━━ Study material ━━
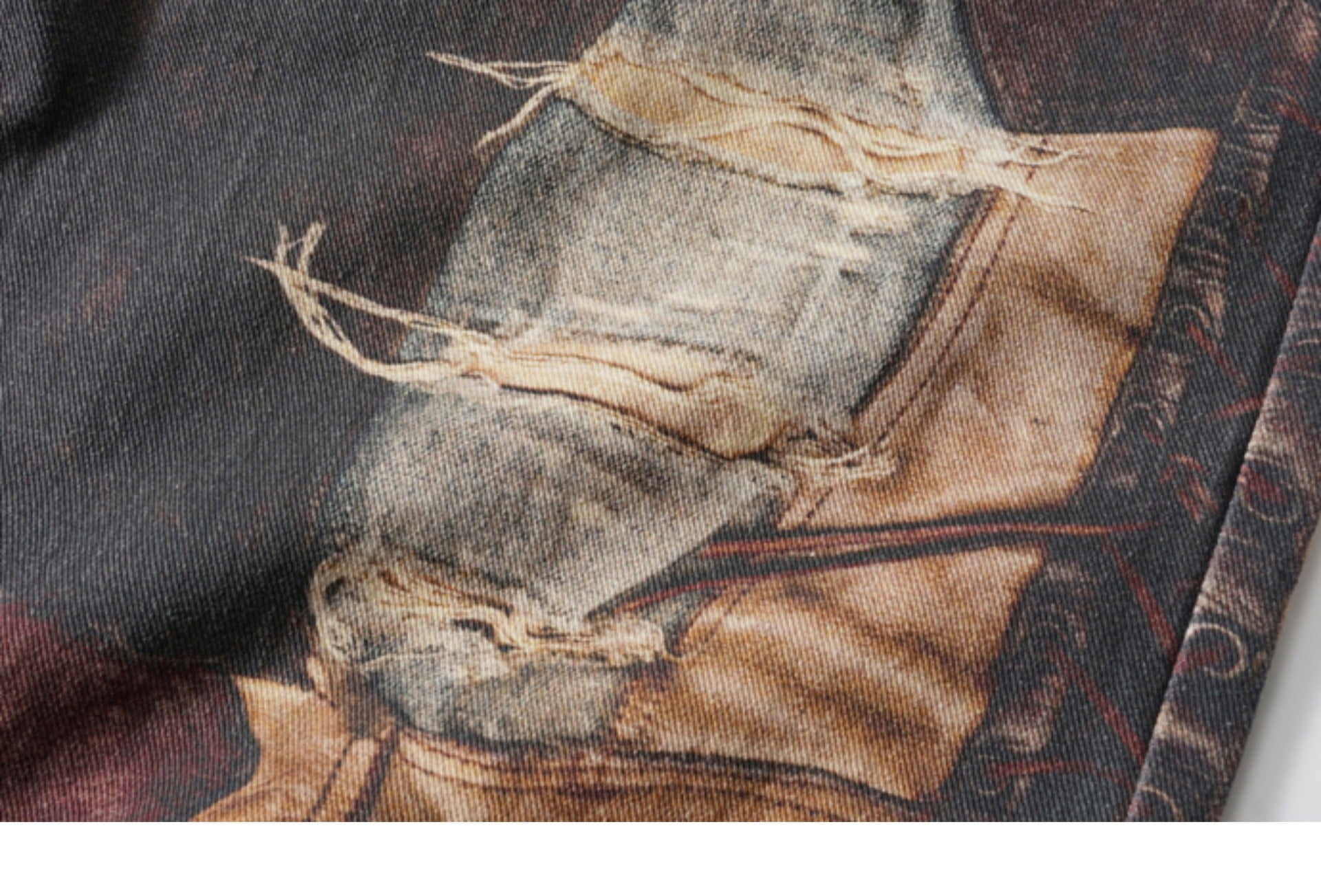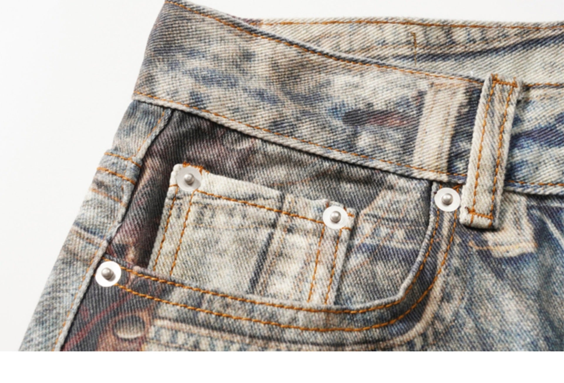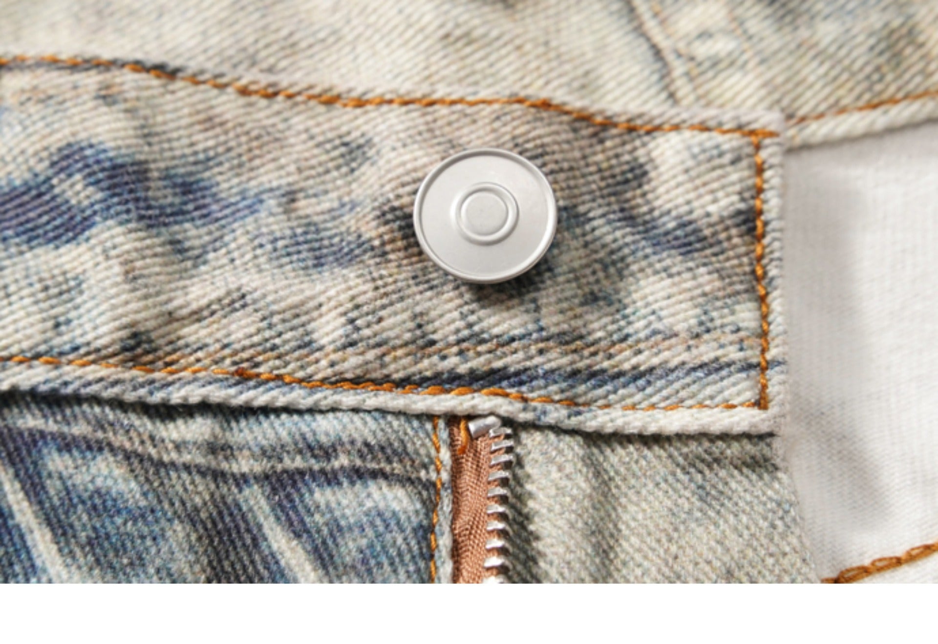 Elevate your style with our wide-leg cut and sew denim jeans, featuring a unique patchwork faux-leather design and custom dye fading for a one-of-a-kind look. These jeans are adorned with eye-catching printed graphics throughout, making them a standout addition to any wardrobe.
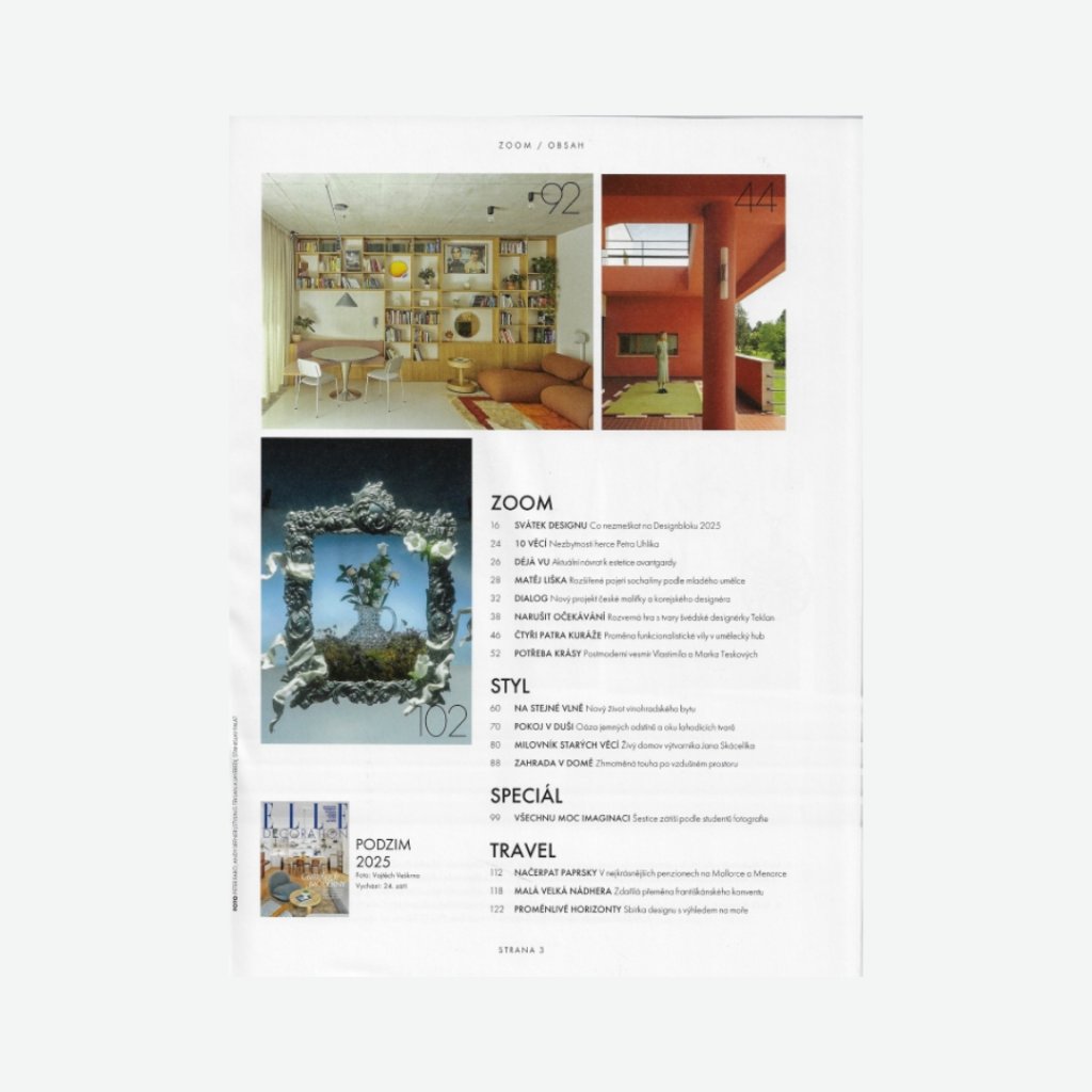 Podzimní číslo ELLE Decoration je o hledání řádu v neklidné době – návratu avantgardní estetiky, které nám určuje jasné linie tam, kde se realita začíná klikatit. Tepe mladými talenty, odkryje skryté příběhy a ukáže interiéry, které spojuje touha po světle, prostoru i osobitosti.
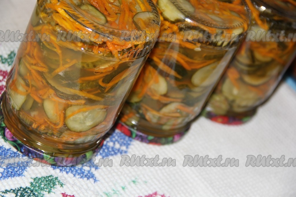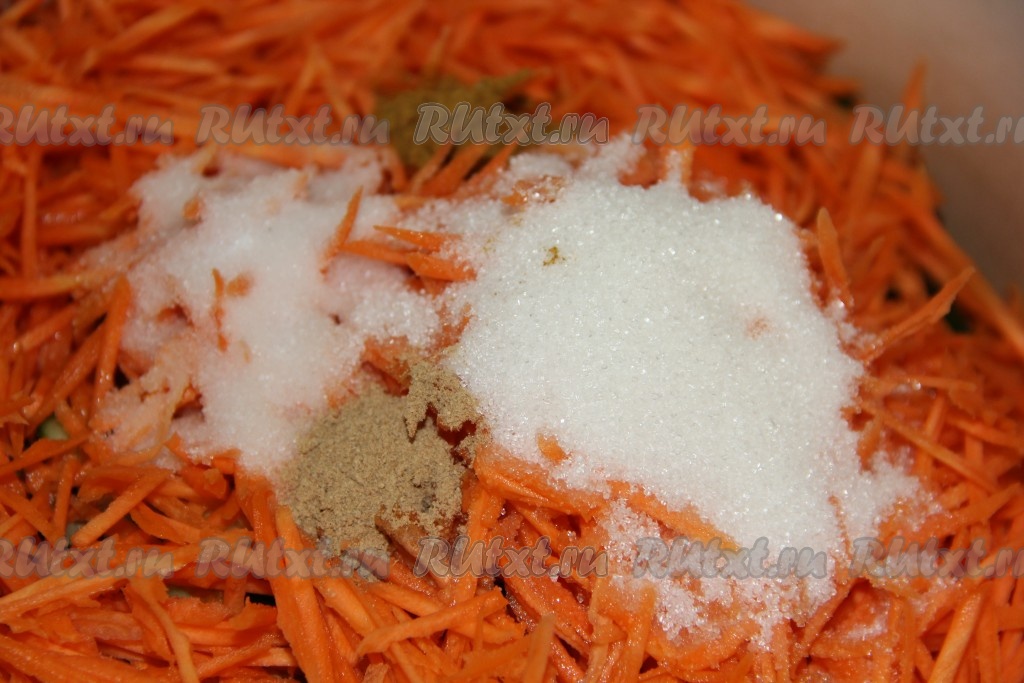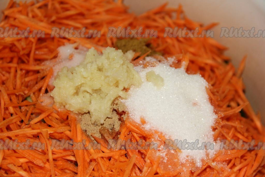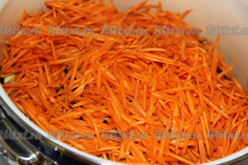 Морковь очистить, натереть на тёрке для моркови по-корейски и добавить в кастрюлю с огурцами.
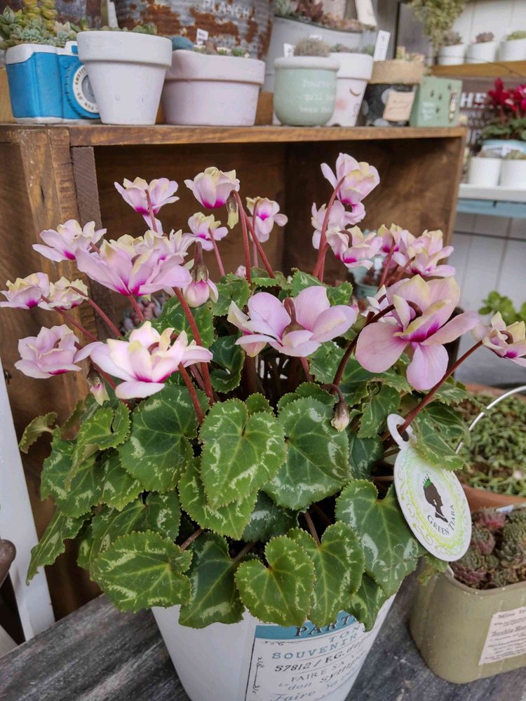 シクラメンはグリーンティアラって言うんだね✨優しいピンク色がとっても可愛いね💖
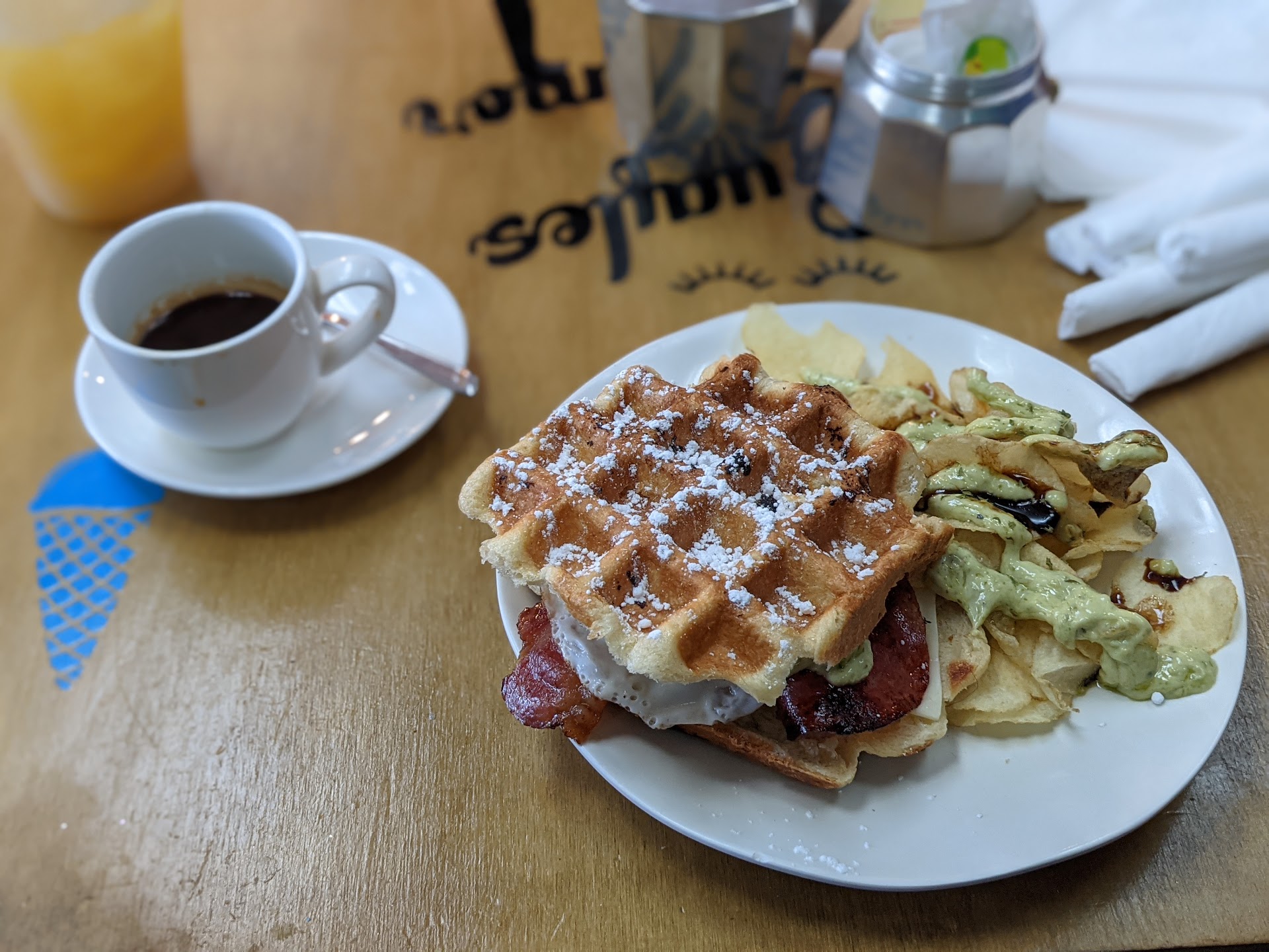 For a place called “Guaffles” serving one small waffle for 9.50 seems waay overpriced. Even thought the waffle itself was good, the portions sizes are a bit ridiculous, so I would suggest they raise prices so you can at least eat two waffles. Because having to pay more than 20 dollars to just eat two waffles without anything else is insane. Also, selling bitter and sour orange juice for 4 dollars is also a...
━━━
* [Exercise]: In the answer, repeat exactly the lines from the top of the entries above through the line with "シクラメンはグリーンティアラって言うんだね✨優しいピンク色がとっても可愛いね💖", and leave pictures out of it.

* [Answer section]:
 Elevate your style with our wide-leg cut and sew denim jeans, featuring a unique patchwork faux-leather design and custom dye fading for a one-of-a-kind look. These jeans are adorned with eye-catching printed graphics throughout, making them a standout addition to any wardrobe.
 Podzimní číslo ELLE Decoration je o hledání řádu v neklidné době – návratu avantgardní estetiky, které nám určuje jasné linie tam, kde se realita začíná klikatit. Tepe mladými talenty, odkryje skryté příběhy a ukáže interiéry, které spojuje touha po světle, prostoru i osobitosti.
 Морковь очистить, натереть на тёрке для моркови по-корейски и добавить в кастрюлю с огурцами.
 シクラメンはグリーンティアラって言うんだね✨優しいピンク色がとっても可愛いね💖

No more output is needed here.